The routing device 130 also has a connection list stored therein, and after parsing the positioning request, the routing device 130 also stores a connection method of the routing device 120 in the connection list:
TABLE 3
Connection list of routing device 130
Device UDP connection method
ff:ff:ff:ff:ff:ff Sock0(server)
42:21:1a:f4:ea:27 Sock0
The UDP connection method Sock0 indicates that in this stage, the routing device 120 can transmit various data to the routing device 130 through connection with the server.
Because the virtual IP address 10.2.3.100 in the address inquiry message is in the virtual subnet of the routing device 130, the routing device 130 sends the positioning information to the routing device 120 via Sock0, i.e. via the forwarding path of the server 110. The data content of the positioning information includes the following information:
{00:ff:7f:0a:81:6d, 42:21:1a:f4:ea:27, SMB, encrypted message (10.2.3.100 is at 42:21:1a:f4:ea:27)}
The routing device 120 determines that the routing device corresponding to the virtual IP address 10.2.3.100 is the routing device 130 by parsing the positioning message in the positioning information.
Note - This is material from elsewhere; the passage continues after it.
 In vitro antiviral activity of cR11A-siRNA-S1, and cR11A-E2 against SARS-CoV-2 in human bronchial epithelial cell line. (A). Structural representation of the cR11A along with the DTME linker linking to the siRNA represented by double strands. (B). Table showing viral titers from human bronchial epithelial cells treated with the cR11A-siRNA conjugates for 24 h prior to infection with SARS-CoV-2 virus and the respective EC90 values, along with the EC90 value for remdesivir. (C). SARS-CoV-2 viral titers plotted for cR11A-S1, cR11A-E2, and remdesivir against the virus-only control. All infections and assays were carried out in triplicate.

Meanwhile, the routing device 120 adds the routing device 130 to the connection list:
TABLE 4
Connection list of routing device 120
Device UDP connection method
ff:ff:ff:ff:ff:ff Sock0
00:ff:7f:0a:81:6d Sock0
Thereafter, the routing device 120 establishes the connection with the routing device 130 according to the positioning information. After the connection is established, the connection list of the routing device 120 and the routing device 130 is updated as:
TABLE 5
Connection list of routing device 120 after establishment of
P2P connection
Device UDP connection method
ff:ff:ff:ff:ff:ff Sock0
00:ff:7f:0a:81:6d Sock1(P2P)
TABLE 6
Connection list of routing device 130 after establishment of
P2P connection
Device UDP connection method
ff:ff:ff:ff:ff:ff Sock0
42:21:1a:f4:ea:27 Sock1(P2P)
The UDP connection method Sock1 indicates that the routing devices 120 and 130 are capable of exchanging data in the P2P way.
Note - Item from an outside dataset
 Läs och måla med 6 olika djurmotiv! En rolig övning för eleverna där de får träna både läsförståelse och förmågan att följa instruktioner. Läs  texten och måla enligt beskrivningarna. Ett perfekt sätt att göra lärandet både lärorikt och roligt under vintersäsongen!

The invention also provides a routing device adapted for a virtual private network communication system. FIG. 4 is a block diagram of a routing device according to an embodiment of the invention. Referring to FIG. 4, a routing device 40 includes a network interface unit 410 and a processing unit 420. The network interface unit 410 is connected to a server via the Internet. The processing unit 420 is coupled to the network interface unit 410 and transmits registration information RI to the server via the network interface unit 410, wherein the registration information RI includes a recognition string. The processing unit 420 further transmits a positioning request PR to the server via the network interface unit 410. The processing unit 420 receives positioning information PI from the server via the network interface unit 410, and the processing unit 420 directly connects to a remote routing device via the network interface unit 410 according to the positioning information PI and transmits data after the connection is established.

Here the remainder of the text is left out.